-- HarryRenshall - 29 Jan 2009

Week of 090202

WLCG Baseline Versions

WLCG Service Incident Reports

  • This section lists WLCG Service Incident Reports from the previous weeks (new or updated only).
  • Status can be received, due or open

  • Reports due from FZK for LFC/FTS DB b/e problem last w/e & CMS "lost files" (see MB report)

GGUS Team / Alarm Tickets during last week

Daily WLCG Operations Call details

To join the call, at 15.00 CE(S)T Monday to Friday inclusive (in CERN 513 R-068) do one of the following:

  1. Dial +41227676000 (Main) and enter access code 0119168, or
  2. To have the system call you, click here

General Information

See the weekly joint operations meeting minutes

Additional Material:


Attendance: local(Jamie, Maria, Jean-Philippe, Harry, Markus, Jan, Uli, Gavin, Andrea, Roberto, Simone, Julia);remote(Michael, Michel, Gonzalo, Gareth, JT, Brian).

Experiments round table:

  • ATLAS (Simone) - main ongoing activity is MC production. Many jobs running everywhere and a lot of data movement. Over w/e exceeded 1M file transfers per day. Production transfers still run with old version of site services - 10M file test was with new version. Critical to upgrade - will be done by critical clouds, RAL foreseen for this pm. Then DE, IT, DL clouds(?) During w/e various problems at sites - main issue as downtime of LFC@SARA - came back a few hrs ago. Consequence of moving Oracle b/e to RAC? JT - got caught with unexpected situation. LFC for ATLAS moved to RAC i/f.
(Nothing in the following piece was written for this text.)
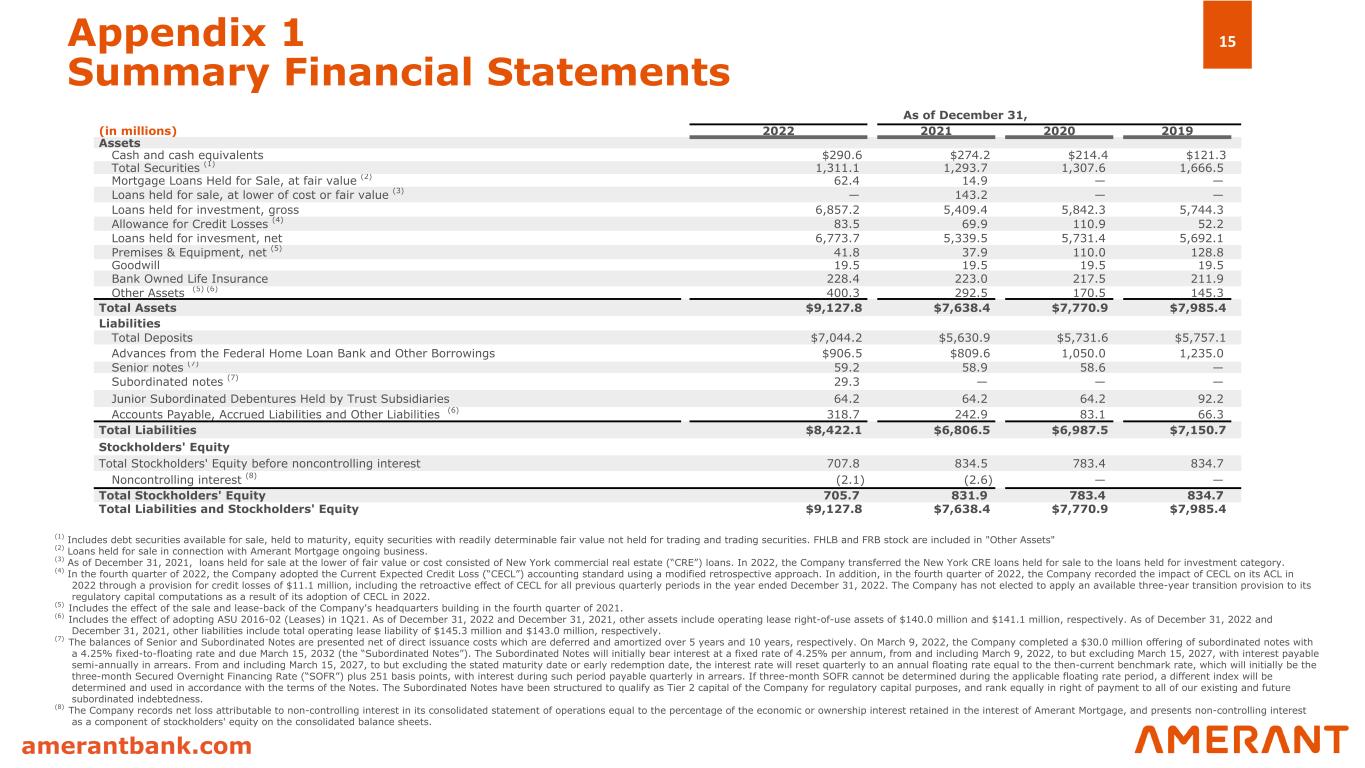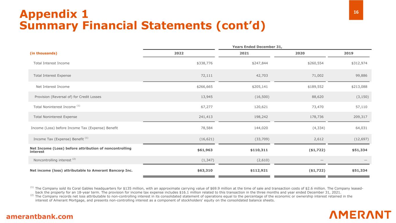 15 amerantbank.com Appendix 1 Summary Financial Statements (1) Includes debt securities available for sale, held to maturity, equity securities with readily determinable fair value not held for trading and trading securities. FHLB and FRB stock are included in "Other Assets" (2) Loans held for sale in connection with Amerant Mortgage ongoing business. (3) As of December 31, 2021, loans held for sale at the lower of fair value or cost consisted of New York commercial real estate (“CRE”) loans. In 2022, the Company transferred the New York CRE loans held for sale to the loans held for investment category. (4) In the fourth quarter of 2022, the Company adopted the Current Expected Credit Loss (“CECL”) accounting standard using a modified retrospective approach. In addition, in the fourth quarter of 2022, the Company recorded the impact of CECL on its ACL in 2022 through a provision for credit losses of $11.1 million, including the retroactive effect of CECL for all previous quarterly periods in the year ended December 31, 2022. The Company has not elected to apply an available three-year transition provision to its regulatory capital computations as a result of its adoption of CECL in 2022. (5) Includes the effect of the sale and lease-back of the Company's headquarters building in the fourth quarter of 2021. (6) Includes the effect of adopting ASU 2016-02 (Leases) in 1Q21. As of December 31, 2022 and December 31, 2021, other assets include operating lease right-of-use assets of $140.0 million and $141.1 million, respectively. As of December 31, 2022 and December 31, 2021, other liabilities include total operating lease liability of $145.3 million and $143.0 million, respectively. (7) The balances of Senior and Subordinated Notes are presented net of direct issuance costs which are deferred and amortized over 5 years and 10 years, respectively. On March 9, 2022, the Company completed a $30.0 million offering of subordinated notes with a 4.25% fixed-to-floating rate and due March 15, 2032 (the “Subordinated Notes”). The Subordinated Notes will initially bear interest at a fixed rate of 4.25% per annum, from and including March 9, 2022, to but excluding March 15, 2027, with interest payable semi-annually in arrears. From and including March 15, 2027, to but excluding the stated maturity date or early redemption date, the interest rate will reset quarterly to an annual floating rate equal to the then-current benchmark rate, which will initially be the three-month Secured Overnight Financing Rate (“SOFR”) plus 251 basis points, with interest during such period payable quarterly in arrears. If three-month SOFR cannot be determined during the applicable floating rate period, a different index will be determined and used in accordance with the terms of the Notes. The Subordinated Notes have been structured to qualify as Tier 2 capital of the Company for regulatory capital purposes, and rank equally in right of payment to all of our existing and future subordinated indebtedness. (8) The Company records net loss attributable to non-controlling interest in its consolidated statement of operations equal to the percentage of the economic or ownership interest retained in the interest of Amerant Mortgage, and presents non-controlling interest as a component of stockholders' equity on the consolidated balance sheets. As of December 31, (in millions) 2022 2021 2020 2019 Assets Cash and cash equivalents $290.6 $274.2 $214.4 $121.3 Total Securities (1) 1,311.1 1,293.7 1,307.6 1,666.5 Mortgage Loans Held for Sale, at fair value (2) 62.4 14.9 — — Loans held for sale, at lower of cost or fair value (3) — 143.2 — — Loans held for investment, gross 6,857.2 5,409.4 5,842.3 5,744.3 Allowance for Credit Losses (4) 83.5 69.9 110.9 52.2 Loans held for invesment, net 6,773.7 5,339.5 5,731.4 5,692.1 Premises & Equipment, net (5) 41.8 37.9 110.0 128.8 Goodwill 19.5 19.5 19.5 19.5 Bank Owned Life Insurance 228.4 223.0 217.5 211.9 Other Assets (5) (6) 400.3 292.5 170.5 145.3 Total Assets $9,127.8 $7,638.4 $7,770.9 $7,985.4 Liabilities Total Deposits $7,044.2 $5,630.9 $5,731.6 $5,757.1 Advances from the Federal Home Loan Bank and Other Borrowings $906.5 $809.6 1,050.0 1,235.0 Senior notes (7) 59.2 58.9 58.6 — Subordinated notes (7) 29.3 — — — Junior Subordinated Debentures Held by Trust Subsidiaries 64.2 64.2 64.2 92.2 Accounts Payable, Accrued Liabilities and Other Liabilities (6) 318.7 242.9 83.1 66.3 Total Liabilities $8,422.1 $6,806.5 $6,987.5 $7,150.7 Stockholders' Equity Total Stockholders' Equity before noncontrolling interest 707.8 834.5 783.4 834.7 Noncontrolling interest (8) (2.1) (2.6) — — Total Stockholders' Equity 705.7 831.9 783.4 834.7 Total Liabilities and Stockholders' Equity $9,127.8 $7,638.4 $7,770.9 $7,985.4

Experience on the cluster had been with LFC R/O. Tuning not appropriate for "mostly writes" - put back on old server. Going to stay with this h/w for ATLAS LFC Until new 3D h/w comes in - ATLAS will have its own m/cs on this new h/w. Write level particularly high this w/e? Simone - big network intervention tomorrow and day after? JT - yes, not clear why "so big". Router intervention - OPN down. Failover to GEANT? Discuss tomorrow in T1 ops meeting. Simone - leave site services for SARA draining overnight and upgrade tomorrow. JT - a hopefully transparent network intervention at NIKHEF (20" downtime for new firmware - 20" to back out). Planning: one of main activities of next week and one after are pre-staging tests before next reprocessing round. As those run before Xmas - ATLAS site services to bringonline and use SRMls to check that files are indeed online. Graeme reported that RAL CASTOR SRM has bug that prevents bringing files online. Can this be confirmed? Brian - issue with difference between bringonline command: srmls or checkbringonline. Discuss with CASTOR people at RAL and get back. CASTOR issue generically or specific to RAL setup? Jan - please take to hep project castor srm mailing list with Simone in cc? ASGC & CNAF are also on this list... Brian - clarify main reason RAL is hardest hit is because RAL has largest number of associated T2s - FTS channels etc. Not any other problem? Simone, yes, correct. Harry - what's the size of stagin test? Simone: bringonline 20TB worth of data per Tier1 - measure speed to bring online and whether you can rotate buffer as expected - keeping files online for 8 hours and rotate. Test of tape system, ATLAS services, etc.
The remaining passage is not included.